Delaware Chancery Court Permits Limited Partner in Defunct Hedge Fund Parkcentral Global to Obtain a List of Names and Addresses of Other Limited Partners in the Fund

In early 2008, plaintiff Brown Investment Management, L.P. (Brown) and its affiliates purchased an aggregate $16 million of limited partnership interests in defendant hedge fund Parkcentral Global, L.P. (Fund).  Despite the Fund’s representations that it would not invest more than five percent of its assets in any one of its investment strategies, and that it sought to preserve capital and garner returns comparable to long term equities, throughout 2008 the Fund suffered “catastrophic” losses, resulting in its collapse.  Brown’s lost its entire investment and the entire Parkcentral fund complex ceased to do business.  In 2009, following the commencement of a class action against the Fund in Texas, Brown requested a list of the Fund’s limited partners so that it could communicate with other limited partners about the collapse and their potential remedies.  When the Fund refused, Brown sued to compel disclosure under the Delaware limited partnership law.  The Delaware Court of Chancery ruled in favor of Brown, based on its reasoning that investors in Delaware business entities have a statutory right to access a list of their fellow investors and that Delaware public policy favors the prompt production of the list.  The Fund then appealed and sought a stay of execution of the Court’s disclosure order.  The Court refused to stay execution of its disclosure order.  We outline the background of the case and the Court’s reasoning.  Also, we discuss the 2002 decision of the Delaware Court of Chancery in Arbor Place L.P. v.
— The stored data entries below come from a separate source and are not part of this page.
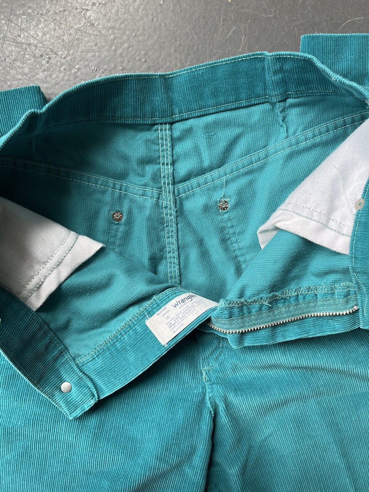 как выглядит Vintage 70s Wrangler Corduroy Flared Pants Teal Scoville Hippie Sz 28Wx32L фото
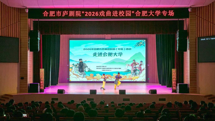 为深入弘扬中华优秀传统文化,丰富校园美育内涵,涵养师生人文素养,2026 年 4 月 9 日晚 19:00,由校团委、党委宣传部、电子信息与自动化学院联合主办的合肥市庐剧院“2026 年戏曲进校园” 合肥大学专场演出,在大学生活动中心南楼大礼堂精彩上演。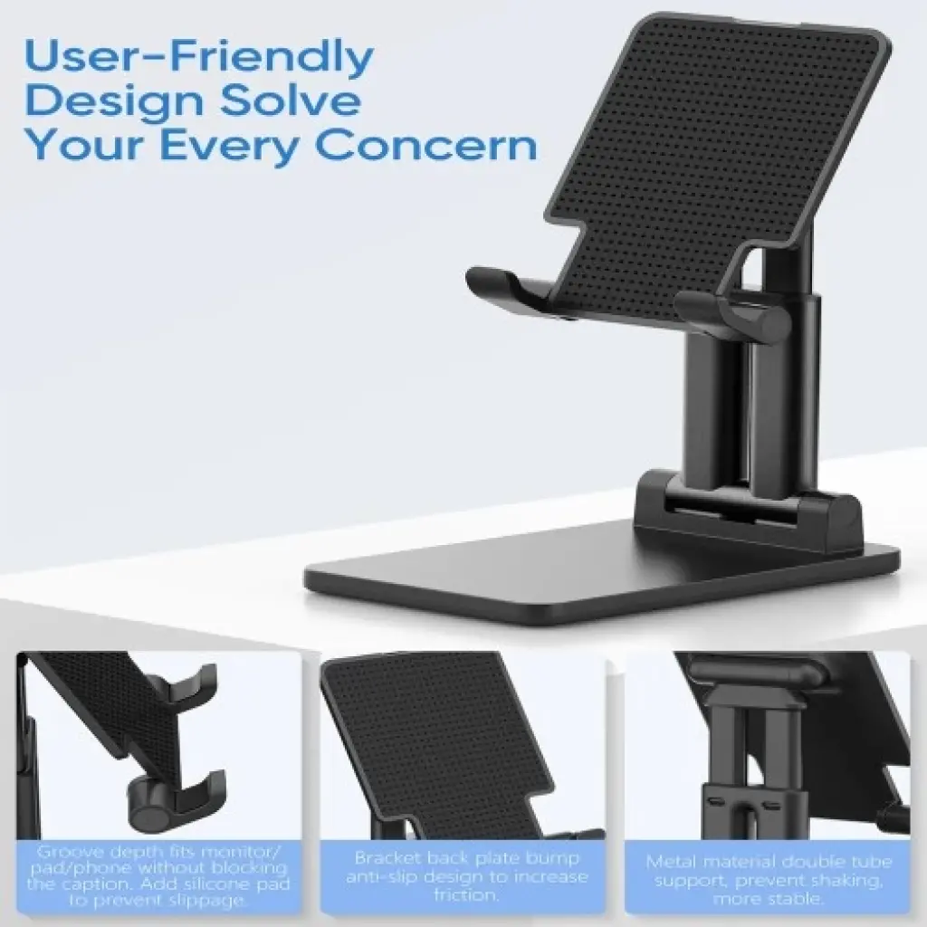 Masaüstü Telefon ve Tablet TutucuTabletiniz akıllı telefonlarınız için ideal tutucu stand. Evrensel tablet ve telefon tutucu ile ekranın her yerde ve her zaman mükemmel açıyla görüntülenmesini sağlamak için tasarlanmıştır.Tercih ettiğiniz göz seviyesinde mükemmel ekran görüntüleme için ayarlanabilir. Yüksek kaliteli tablet standı, telefon tutucu elektronik cihazınızı güvende tutacak ve kaymayı düşmeyi ve hasar almayı önleyecek stabilite sağlam telefon ve tablet standı.Masaüstü telefon ve tablet standı ile telefonunuzu standa yerleştirip film, futbol maçları, veya birçok işinizi rahatça halledebilirsiniz.Masaüstü telefon ve tablet tutucu stand Oynar başlıklı özelliği ve tasarımı oldukça dikkat çekmektedir.Telefon tutucuyu istediğiniz gibi aşağı yukarı hareket ettirebilir istediğiniz açıda ayarlayabilirsiniz.Masaüstü telefon ve tablet standı ayrıca sarj standıda olarak kullanabilirsiniz.Katlanabilir tasarımı ile kullanmadığınız zaman yer tasarrufu sağlamak için telefon standını daha küçük boyuta katlayabilirsiniz.Portatif Telefon Tutucu Özellikleri:* Kaliteli Plastik malzemeden üretilmiştir.* Konfor yüksekliği ayarlamak için 0-72 derece ayarlanabilir yukarı aşağı hareket edebilir.* Katlanabilir tasarım telefon ve tablet tutucu.* Cihazlarınızı tutmak için daha istikrarlı güvenlik sağlayan ağırlık eklenmiş taban ekrana dokunduğunuz zaman bile telefon veya tablet için endişelenmenize gerek kalmayacak.* Oynar başlı telefon tutucu ile istediğiniz açıda telefon veya tabletinizi kullanabilirsiniz.* Karışık renklerde gönderilmektedir.* Çok amaçlı telefon tutucu, tablet tutucu tasarımı şık görünüme sahiptir.* Sarj standı olarak da kullanılabilir.Masaüstü Telefon Tutucu Ölçüsü: 17 cm x 11.3 cm x 6.5 cm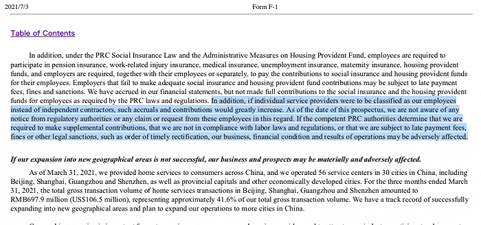 天鹅到家的招股书中还透露,“五险一金”的费用已在财务报表中计提,但未按中国法律法规的要求足额缴纳员工的社会保险和住房公积金。“此外,如果个人服务提供者被归类为我们的雇员,而不是独立的外部人员,这些应计费用和缴款将大大增加。截至本招股说明书发布之日,在这方面,我们尚未接到监管当局任何通知,也未接到相关人员的索赔或要求。如果中国主管部门认定我们需要补缴,认定我们未遵守劳动法律和法规,或认定我们应受到滞纳罚金、罚款或责令及时整改等其他法律制裁,我们的业务、财务状况和经营成果可能受到不利影响”,招股书称。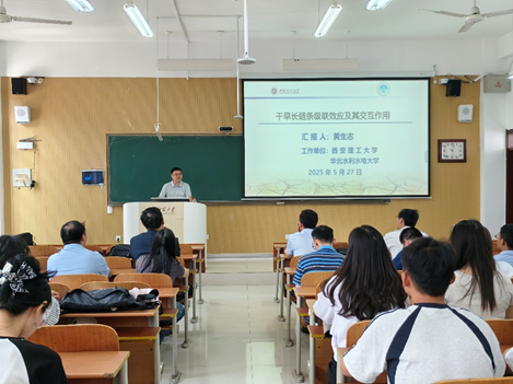 地理与旅游学院讯  5月27日,曲阜师大地理与旅游学院特邀国家“万人计划”青年拔尖人才、华北水利水电大学水利学院院长黄生志教授做客“经纬讲堂·高端讲坛”,为学院师生作了题为《干旱长链条级联传递及其交互作用》的学术报告。报告会由地理与旅游学院院长张全景教授主持,学院相关教师及研究生参加报告会。

Encore Opportunity Fund, L.L.C., which involved similar facts and legal questions in the context of a Delaware LLC.  In addition, we address whether, in the view of the Delaware courts, the privacy provisions of the Gramm-Leach-Bliley Act of 1999 preempt Delaware law regarding access by limited partners or members to the names and addresses of other limited partners or members of, respectively, Delaware LPs or LLCs.